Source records
== Segment start ==
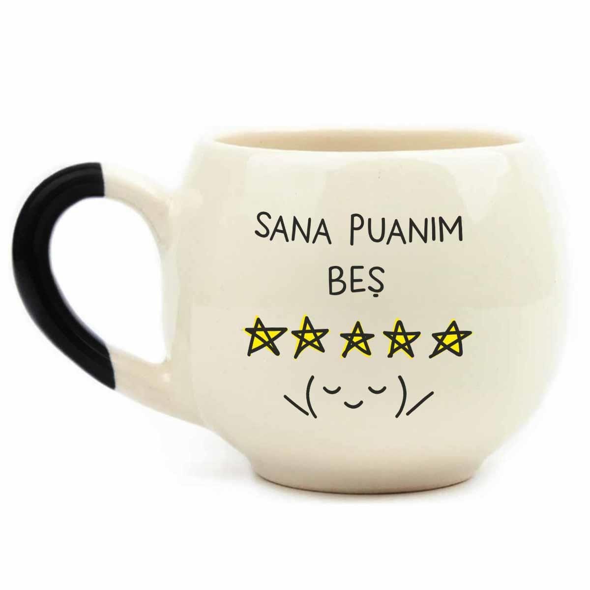 Sana Puanım Beş Krem Parlak Balon Kupa - Hediye Seramik Kupa
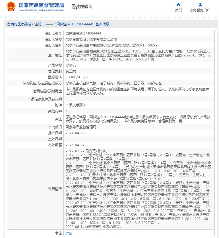 该产品预期在医疗机构内部的重症监护环境使用,用于对成人、小儿和婴幼儿呼吸衰竭患者进行通气辅助及呼吸支持。
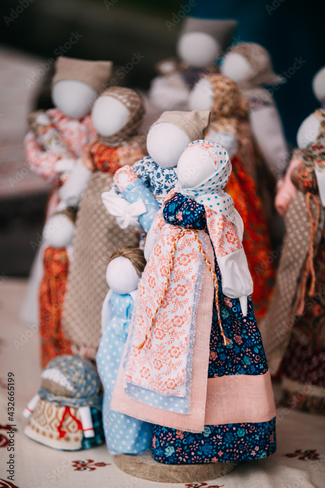 Russian Folk Doll. National Traditional Folk Dolls Are Popular Souvenirs From Russia
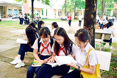 Thí sinh tại điểm thi Trường THPT Trấn Biên tranh thủ xem lại bài trước khi vào phòng thi.
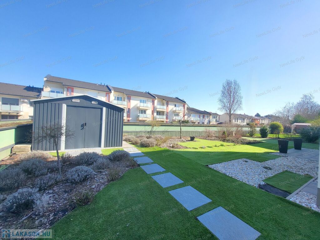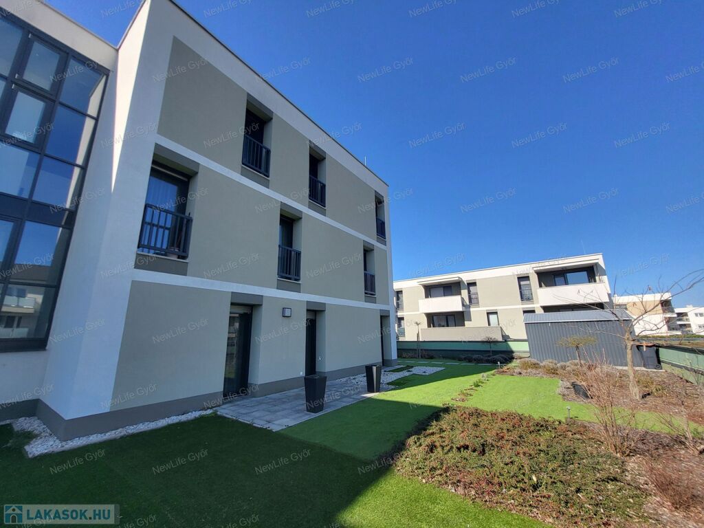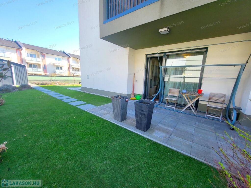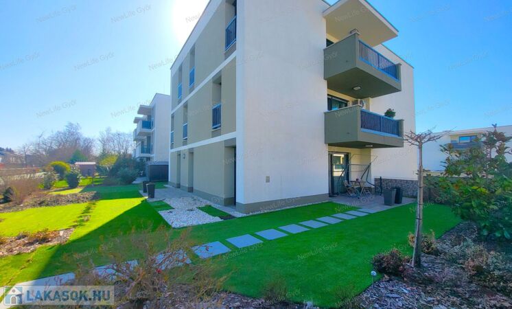 Győr egyik legkedveltebb, mégis nyugodt részén, Szabadhegyen, a Panoráma Liget zárt, igényes lakóparkjában található ez a 2021-ben épült, földszinti, kertkapcsolatos luxuslakás. Az utca csendes, átmenő forgalomtól mentes, mégis minden karnyújtásnyira van: buszmegálló egy perc sétára, a közelben iskola, óvoda, üzletek, pékség, gyógyszertár – a mindennapok kényelme adott.
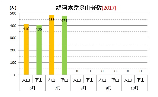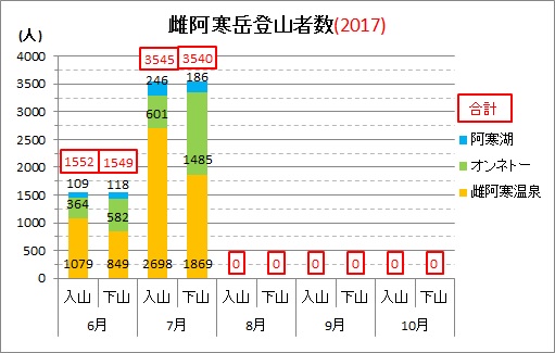 雄阿寒岳&雌阿寒岳登山者数【2017年7月】
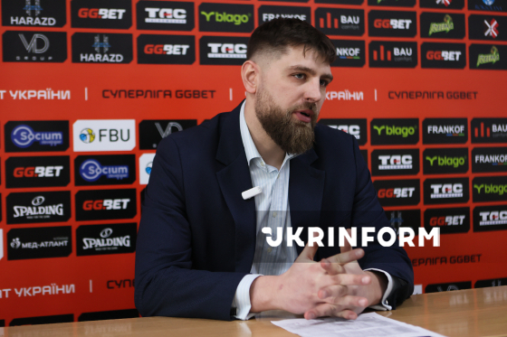 Головний тренер БК "Старий Луцьк" Нікіта Воєвода бере участь у пресконференції після матчу регулярного чемпіонату Суперліги проти БК "Київ-Баскет", що завершився перемогою його команди з рахунком 90:72, Івано-Франківськ, 7 лютого 2026 року.
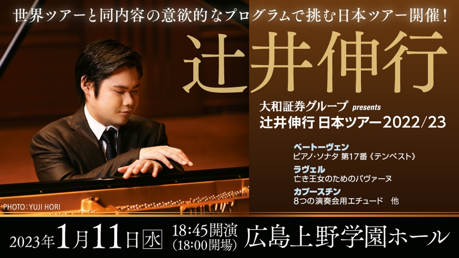 【広島公演 チケット先行販売情報】大和証券グループ presents 辻󠄀井伸行 日本ツアー2022/23
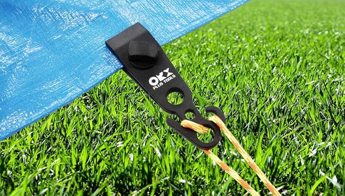 • Easy to Use- Easy to install or remove just to tighten or loosen the screw knob. The teeth inside hold the tarp tightly, but do not tear or damage it. Hook tail for rope adjusting and tightening
== Segment end ==
WHAT THE EXERCISE ASKS:
Copy every record exactly; no pictures.

RESULT OF THIS EXERCISE:
 Sana Puanım Beş Krem Parlak Balon Kupa - Hediye Seramik Kupa
 该产品预期在医疗机构内部的重症监护环境使用,用于对成人、小儿和婴幼儿呼吸衰竭患者进行通气辅助及呼吸支持。
 Russian Folk Doll. National Traditional Folk Dolls Are Popular Souvenirs From Russia
 Thí sinh tại điểm thi Trường THPT Trấn Biên tranh thủ xem lại bài trước khi vào phòng thi.
 Győr egyik legkedveltebb, mégis nyugodt részén, Szabadhegyen, a Panoráma Liget zárt, igényes lakóparkjában található ez a 2021-ben épült, földszinti, kertkapcsolatos luxuslakás. Az utca csendes, átmenő forgalomtól mentes, mégis minden karnyújtásnyira van: buszmegálló egy perc sétára, a közelben iskola, óvoda, üzletek, pékség, gyógyszertár – a mindennapok kényelme adott.
 雄阿寒岳&雌阿寒岳登山者数【2017年7月】
 Головний тренер БК "Старий Луцьк" Нікіта Воєвода бере участь у пресконференції після матчу регулярного чемпіонату Суперліги проти БК "Київ-Баскет", що завершився перемогою його команди з рахунком 90:72, Івано-Франківськ, 7 лютого 2026 року.
 【広島公演 チケット先行販売情報】大和証券グループ presents 辻󠄀井伸行 日本ツアー2022/23
 • Easy to Use- Easy to install or remove just to tighten or loosen the screw knob. The teeth inside hold the tarp tightly, but do not tear or damage it. Hook tail for rope adjusting and tightening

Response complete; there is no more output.